● Task material:
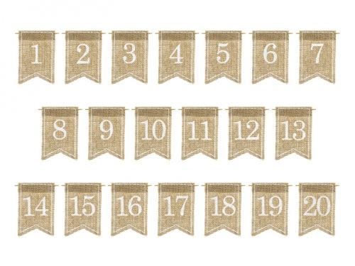 Borðnúmer - Strigaefni - Hvítir Stafir - 1-20 - 20 stk
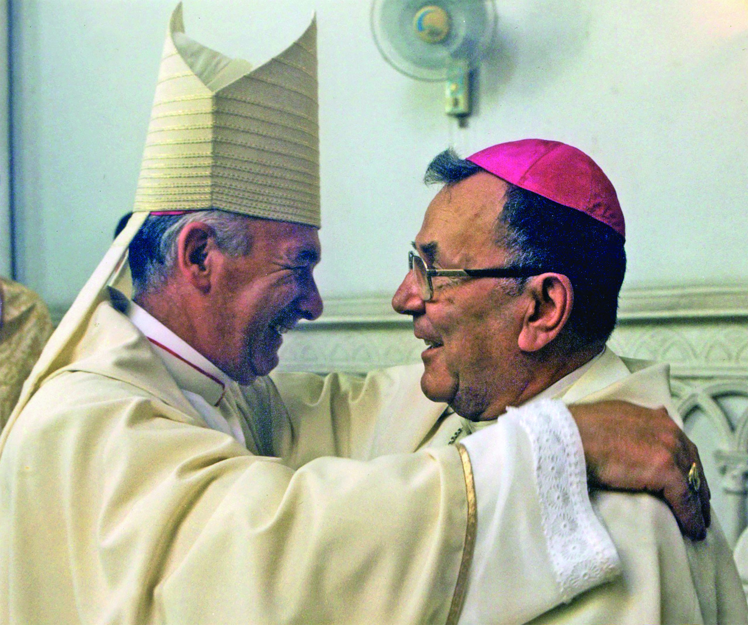 El abrazo fraterno de dos hermanos que se quisieron siempre bajo el amparo de nuestra Santa Iglesia y grandes amigos y servidores de nuestra casa, Radio La Voz de María y de la revista ¡Salve Regina! Mons. Antonio Arregui Yarza (+) y Mons. Hugolino Cerasuolo Stacey (+).
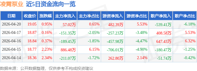 证券之星消息,截至2026年4月20日收盘,凌霄泵业(002884)报收于19.05元,上涨0.95%,换手率1.68%,成交量4.58万手,成交额8721.58万元。
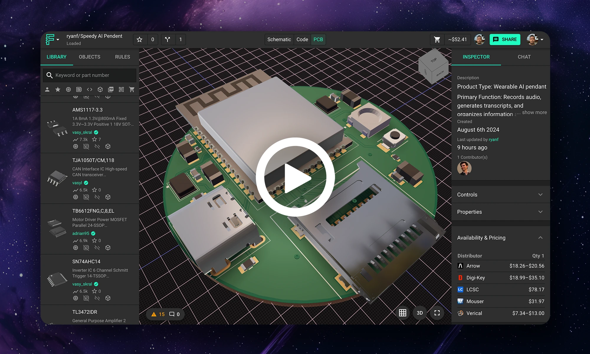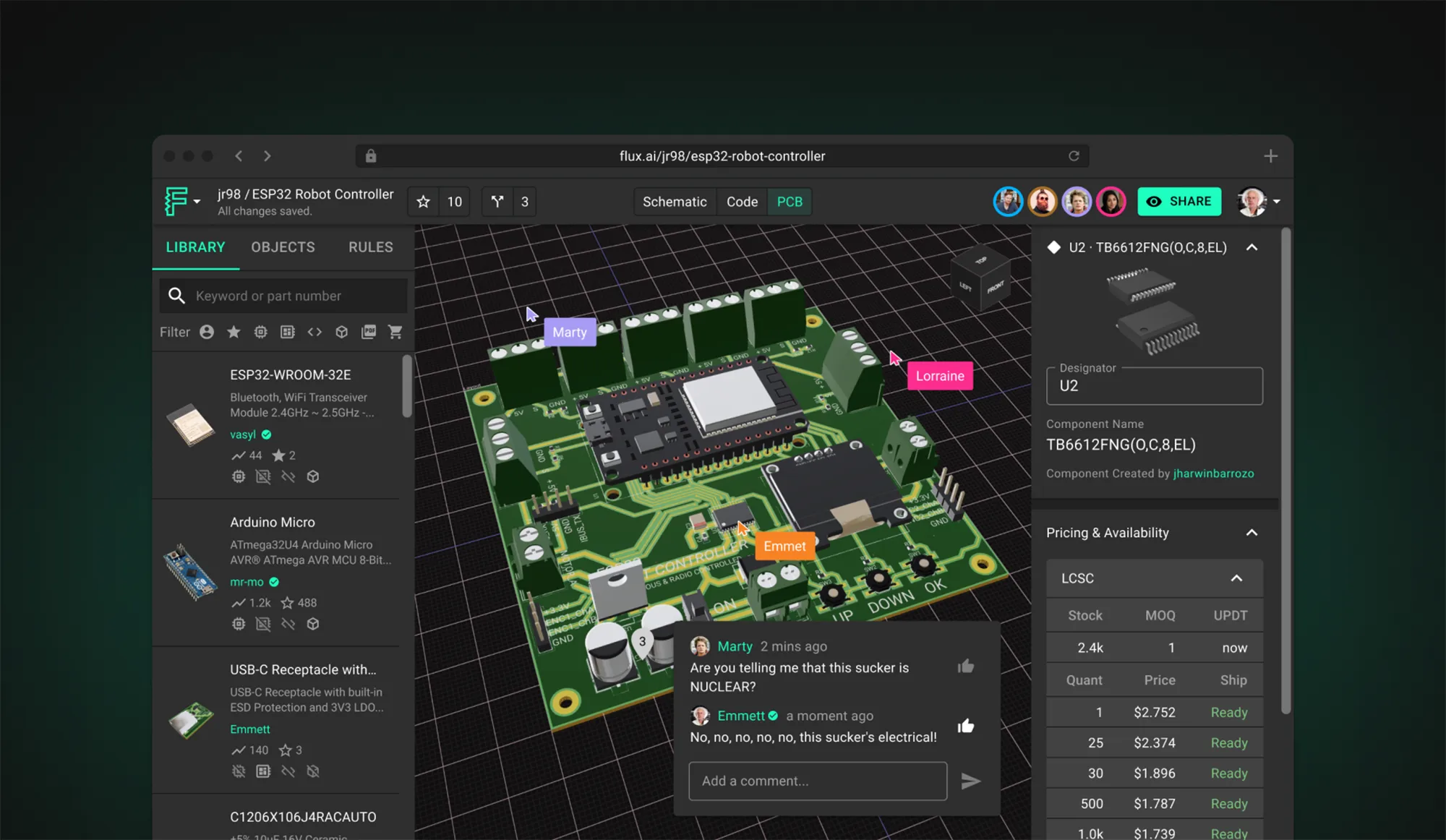 Whether you are exploring “What is a PCB?” for the first time or moving into advanced hardware engineering, modern tools make the process easier than ever. With Flux's AI-assisted platform, you can skip the steep learning curve of popular ECAD applications and design collaboratively directly in your browser. Once your board is routed and ready for fabrication, Flux's built-in supply chain features connect you directly with worldwide distributors to source parts instantly. Sign up for free today and start building!
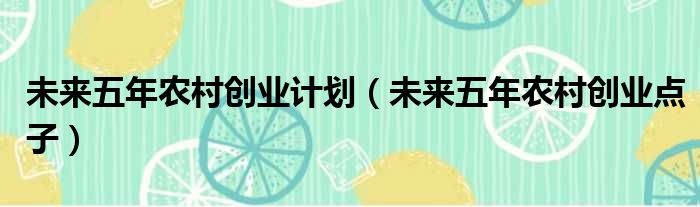 大家好,小活来为大家解答以上的问题。未来五年农村创业计划,未来五年农村创业点子这个很多人还不知道,现在让我们一起来看看吧!
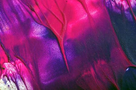 Liquid paint art. Macro ink background. Purple pink colors mix
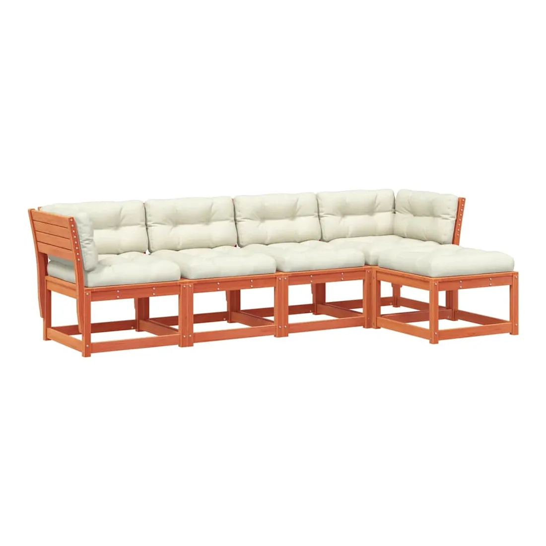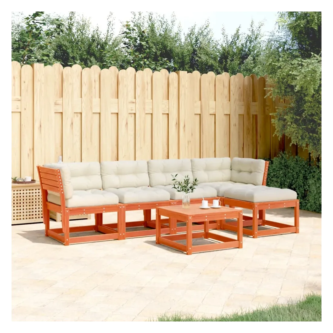 Cet ensemble de canapés de jardin est le complément parfait de votre arrière-cour, terrasse ou patio, offrant un espace confortable et accueillant pour discuter avec la famille et les amis ou simplement se détendre et profiter de l'extérieur. Bois de pin massif : le bois de pin massif est un matériau naturel magnifique. Le bois de pin a un grain droit et les nœuds donnent au matériau son aspect caractéristique et rustique.Expérience d'assise confortable : ce mobilier d'extérieur, doté de dossiers et de coussin épais rembourré, offre une expérience d'assise confortable.Conception à lattes : la conception à lattes du canapé d'extérieur empêche efficacement l'eau de s'accumuler, ce qui garantit que l'assise reste sèche et exempte de tout risque de pourriture.Conception modulaire : cet ensemble de meubles d'extérieur a une conception modulaire, ce qui le rend complètement flexible et facile à déplacer, afin que vous puissiez créer un agencement de meubles d'extérieur personnalisé. Bon à savoir :Pour que vos meubles d'extérieur restent beaux, nous vous recommandons de les protéger avec une housse imperméable.
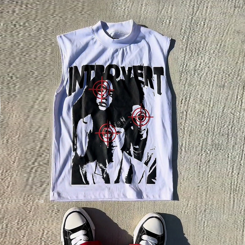 Casual round neck custom printed oversized sleeveless T-shirt

● Goal of the exercise:
Would you please reproduce verbatim the run of lines that opens the listing and ends with the line holding "证券之星消息,截至2026年", and only that run, leaving every picture out?

● Expected answer:
 Borðnúmer - Strigaefni - Hvítir Stafir - 1-20 - 20 stk
 El abrazo fraterno de dos hermanos que se quisieron siempre bajo el amparo de nuestra Santa Iglesia y grandes amigos y servidores de nuestra casa, Radio La Voz de María y de la revista ¡Salve Regina! Mons. Antonio Arregui Yarza (+) y Mons. Hugolino Cerasuolo Stacey (+).
 证券之星消息,截至2026年4月20日收盘,凌霄泵业(002884)报收于19.05元,上涨0.95%,换手率1.68%,成交量4.58万手,成交额8721.58万元。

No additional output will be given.